The rise in global popularity of other North American sports points to how expansion can still work despite time zone challenges, as digital platforms now carry engagement well beyond live broadcasts – something Dionne calls DAZN’s bread and butter.
“DAZN offers a modern, flexible, personalized experience and is built to be accessible to every fan, anywhere and any way they consume the game, and the technology we have invested in has performed very well in enhancing the fan experience,” she said.
That approach shows up in its wider product, built around on-demand replays, condensed games and highlights, along with original documentaries and feature programming aimed at keeping audiences engaged after game day.
“[DAZN’s role] will be about deep storytelling and telling the CFL’s stories with the same boldness and aggression as other sports leagues … We’re going to be additive to what’s previously been out there, and that means more voices talking about the league.”
Saturday Night Football will anchor DAZN’s CFL coverage, as the platform will become the exclusive home of the weekly 7 p.m.

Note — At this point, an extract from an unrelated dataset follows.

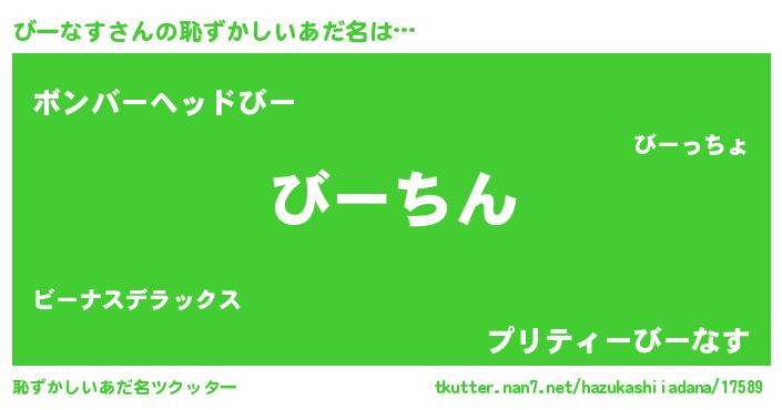 | ヘコむあだ名 | 『びーなす(爆)』『びーにー』 |

ET broadcast throughout the regular season and extend into the first two playoff rounds. Saturday Night Football broadcasts will be produced by DAZN with its own on-air team, as a new roster of analysts, play-by-play announcers, commentators, and sideline reporters will be assembled to deliver the product. However, beyond the announcement, DAZN’s production style and format for the broadcasts remain unclear, as plans are still being finalized. Meanwhile, TSN will air up to three regular-season games per week, totalling 60 games, and remains the home of six playoff games and the Grey Cup.
Nathan Rourke didn’t need the world to discover him to become the CFL’s most dominant quarterback. The league’s $500 million bet is that the world is finally ready to. For a player who has spent his career rewriting Canadian football records in relative obscurity, DAZN represents something the CFL has never genuinely offered its best players before – a global stage. Fans in Mexico City, London, and Seoul coming to know “Kid Canada” the way Canadian football fans do will ultimately be the difference between a watershed moment and an expensive experiment.